# Personel Best



## oldstinkyguy (Mar 28, 2010)

[/URL][/IMG]


I was poking around thru last years pics and thought I'd post this...
37lbs Little Miami on a doughball and 8lb test.


----------



## Andrew S. (May 22, 2010)

Picture doesn't show, but I'm eager to see it. Nice blog, too. Is your carp photo in your blog, and if so, which month/year?

Andrew


----------



## crappielooker (Apr 5, 2004)

I would love to see the pics of this beast as well. 
Congrats on your personal best. I'm sure there are bigger ones swimming in there somewhere waiting to be caught. Good luck.


----------



## oldstinkyguy (Mar 28, 2010)

Im not sure why i cant get the picture to show, im too dumb I guess. anyways there are some carp pics here:

http://stevenoutside.blogspot.com/2010_05_01_archive.html


----------



## oldstinkyguy (Mar 28, 2010)

finally figured out how to put pic up...


----------



## OhioAngler614 (Feb 18, 2011)

oldstinkyguy said:


> finally figured out how to put pic up...

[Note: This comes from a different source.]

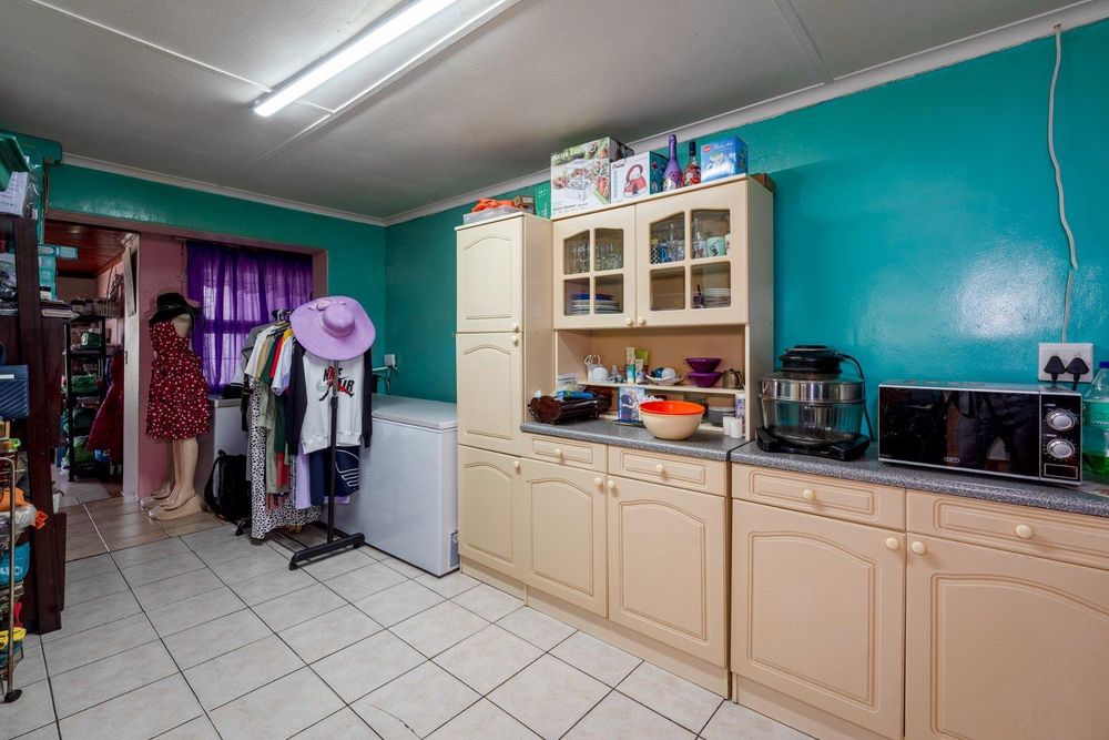 This three-bedroom semi-detached property is conveniently located behind Eisleben Primary School and offers great potential for transformation according to your preferences. The lounge features aluminum windows and a unique nottypine ceiling, with a sliding door that leads to the garage where two vehicles can be parked.

Things a beast. Years ago my dad told me when he was a kid, my grandpa shot two carp around 47lb with a bow and arrow which was actually the state record back then, but he didn't know there was records for bowfishing and so never turned them in. Anyways nice catch, my personal best is only around 20-25lb.


----------



## TimJC (Apr 6, 2004)

Any Ohio 30+ is impressive. It's even more impressive if it comes from the Little Miami River. Congrats.


----------